В автобусе, пока мы катили сквозь занимающийся рассвет, он сидел впереди меня и слушал свой «Уокмен» через наушники.
Вот то, что я вкратце записал тем ноябрьским утром и дополнил на следующий день.
Еще один (мелкий) довод в пользу того, что неверионская серия – это документ.
9.8.1. Как я узнал, где это будет? Довольно легко (повествует Мастер). В любой группе, с каким бы тщанием ни отбирать ее, всегда найдутся один-два отпетых, даже и в нашей школе. Я подошел к одному из таких и сказал, что хочу знать, где будут поклоняться Амневору. По моему тону он понял, что я спрашиваю не затем, чтобы его обвинить, и сказал где – оправдав мои подозрения.
Где же еще, в самом деле?
К пяти часам почти все ученики ушли на карнавал. Вышел на лужайку и я. Где-то в полном отчаянии стрекотал сверчок, неведомо как попавший в столицу. Я посмотрел на лазарет: туда недавно уложили еще одну девочку – всего лишь с растяжением лодыжки, к большому счастью. Она очень печалилась из-за карнавала, когда я ее навестил, но храбро заявляла, что использует это время, чтобы учиться. К Мостовой я спускался по склону, где растут посаженные мной сикаморы; соседи, следуя моему примеру, тоже начали их сажать.
Зачем ты идешь на это варварское сборище, спрашивал я себя? Ради Топлина? Ради всех болящих, страждущих, напуганных и гонимых? Я спрашивал себя об этом на пустой улице и не мог твердо ответить «да». Из чистого любопытства? Но в моем возрасте полагалось бы знать, что в этой странной и ужасной земле ничто или почти ничто не бывает чистым.
Загвоздка с такими церемониями в том – а я посещал их достаточно, как в городе, так и вне его, – что я зачастую смыслю в них больше, чем темный выходец из джунглей, их проводящий.
Когда я был ребенком, старые слуги – которым строго запрещалось говорить о подобных вещах – с наслаждением пугали господских детей, рассказывая им на ночь об ужасах, напрочь забытых взрослыми господами.
На юге это, конечно же, Гауин – великий дракон из золота и драгоценных камней, длиной во всю землю, с крыльями во все небо. Он стережет город, которого больше нет – хотя я усиленно искал этот город, путешествуя в тех краях.

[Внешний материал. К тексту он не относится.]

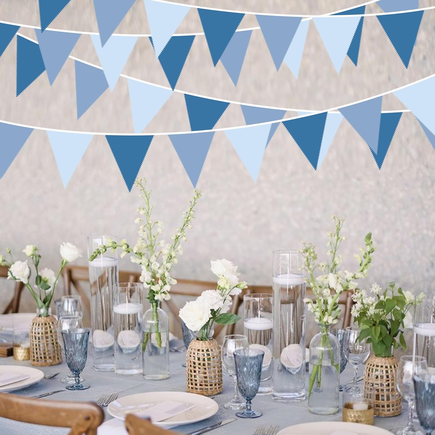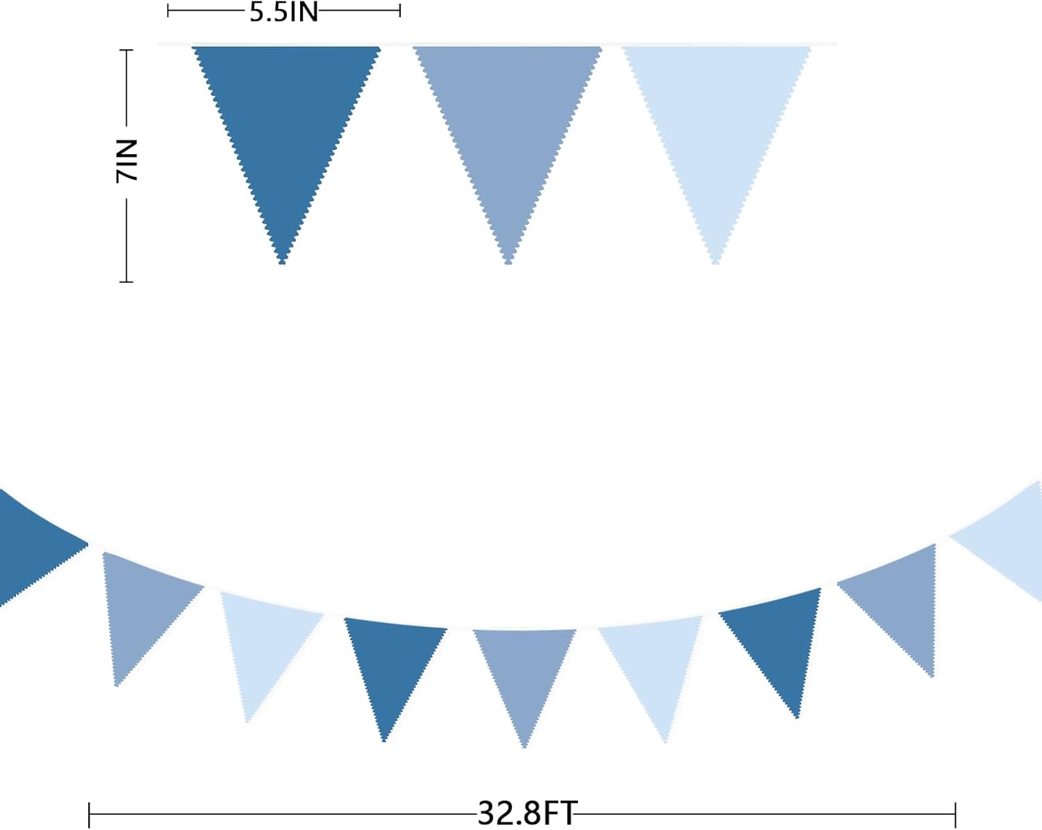 - Package Including:1 pack retro blue fabric bunting banner garland in blue, dusty blue and light colors, with 36pcs flags in 10M/32.8Feet. Flag Size: 5.5in width x 7in height

Главное чудище севера – Кригсбенский Хряк, вепрь с гору величиной, пожирающий целые племена и высирающий пирамиды из человеческих черепов. О нем, правда, не очень любят рассказывать – слишком уж много здесь было войн и отсеченных голов.
Амневор, признаться, для меня нечто новое. Мне попадалось это имя в истории какого-то другого бога, но я забыл, чем он, собственно, отличился. Это, конечно, обостряет интригу… он как-то связан со смертью, бессмысленной смертью – но кто же из них не связан? Помнится, он…

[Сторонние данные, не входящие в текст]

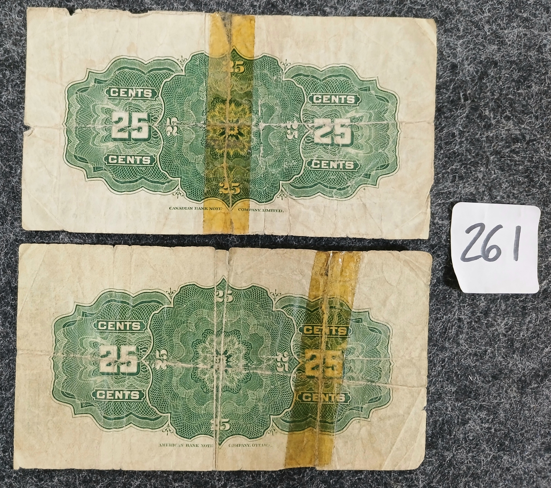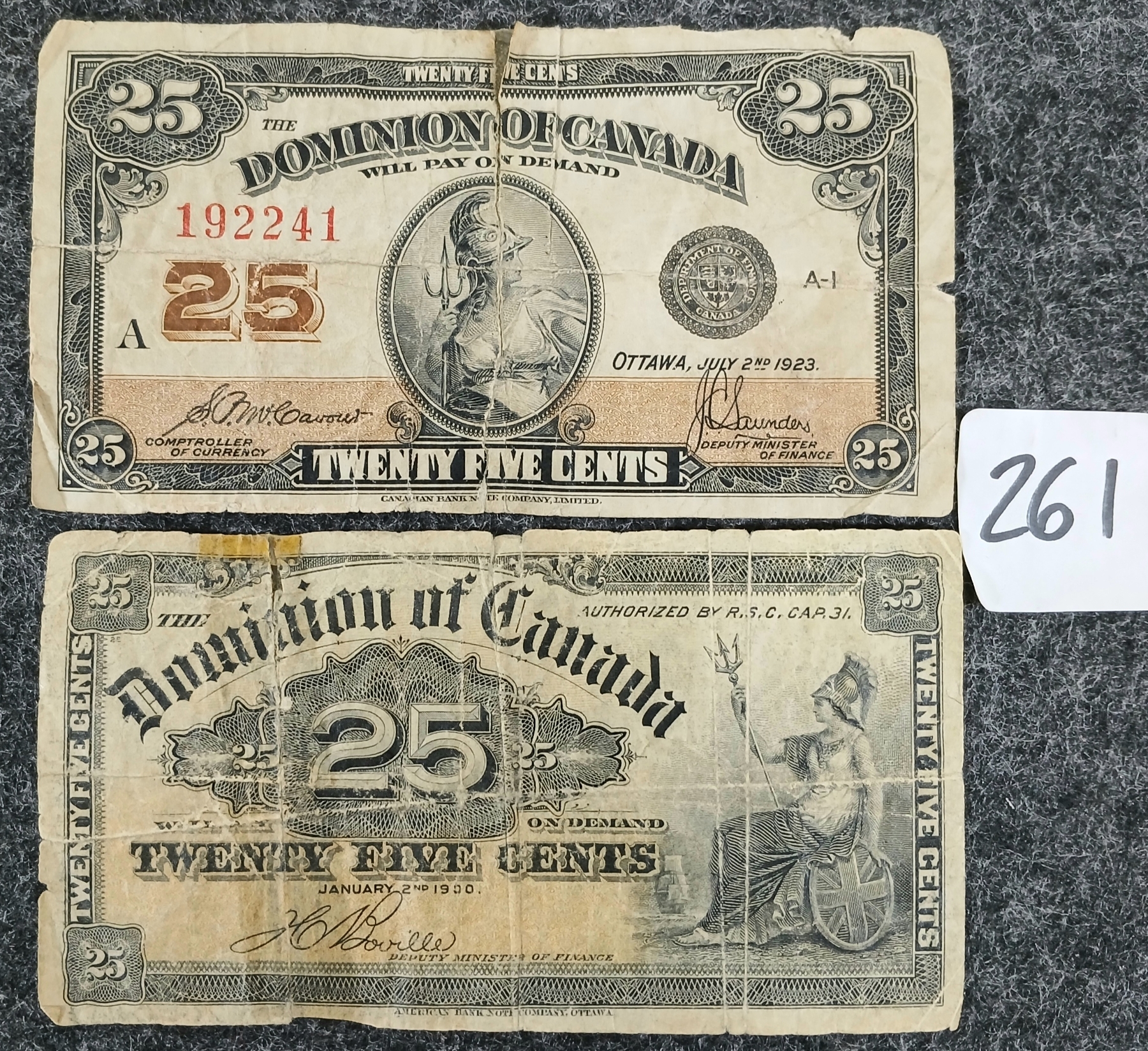 Lot 261 LOT OF 2 - 1900 & 1923 DOMINION OF CANADA 25 CENT SHINPLASTER BANKNOTES
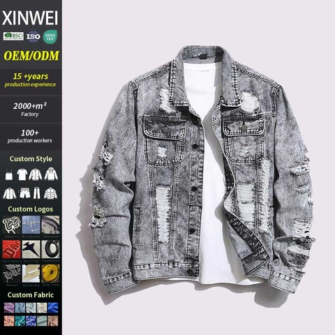 2025 Novo Vintage Lavado Rasgado Design Casual Denim Jacket Streetwear Logotipo Personalizado de Alta Qualidade dos homens Workwear Denim Jacket

9.8.1.1. Проблема теории «веры в невероятное», применимой к литературе в целом и к фантастике в частности, состоит в том, что она превращает искусство (хотя и с общего согласия) в нечто вроде мошенничества. «Прекрасно, пусть так и будет», – говорят люди, желающие сохранить за искусством привилегию разрушать стереотипы (а заодно и шокировать). Вспомним афоризм Пикассо: «Искусство – это ложь, делающая истину выносимой». Но я в этом своем проекте мошенничать не намерен. Подобно другим литераторам от Флобера и Бодлера (этот, впрочем, колебался) до Патера и Уайльда я верю в то, что искусство есть отрасль общественной деятельности, охватывающая почти все принципы того, что в девятнадцатом веке называлось I’art pour I’art, – принципы, сделавшие возможными эксперименты двадцатого века. (Кто из постмодернистов в это не верит?) Но как же совместить эту веру со специфической тематикой? Отвечу: писатель всегда создает значения, даже самые специфические, не обеспечивая при этом справок. Справка, в конце концов, – это всего лишь крайне ограниченная разновидность (или, лучше, сказать, использование) значения в крайне ограниченном контексте; это не субъективно-доминирующий литературный текст и не объективно-доминирующий паралитературный.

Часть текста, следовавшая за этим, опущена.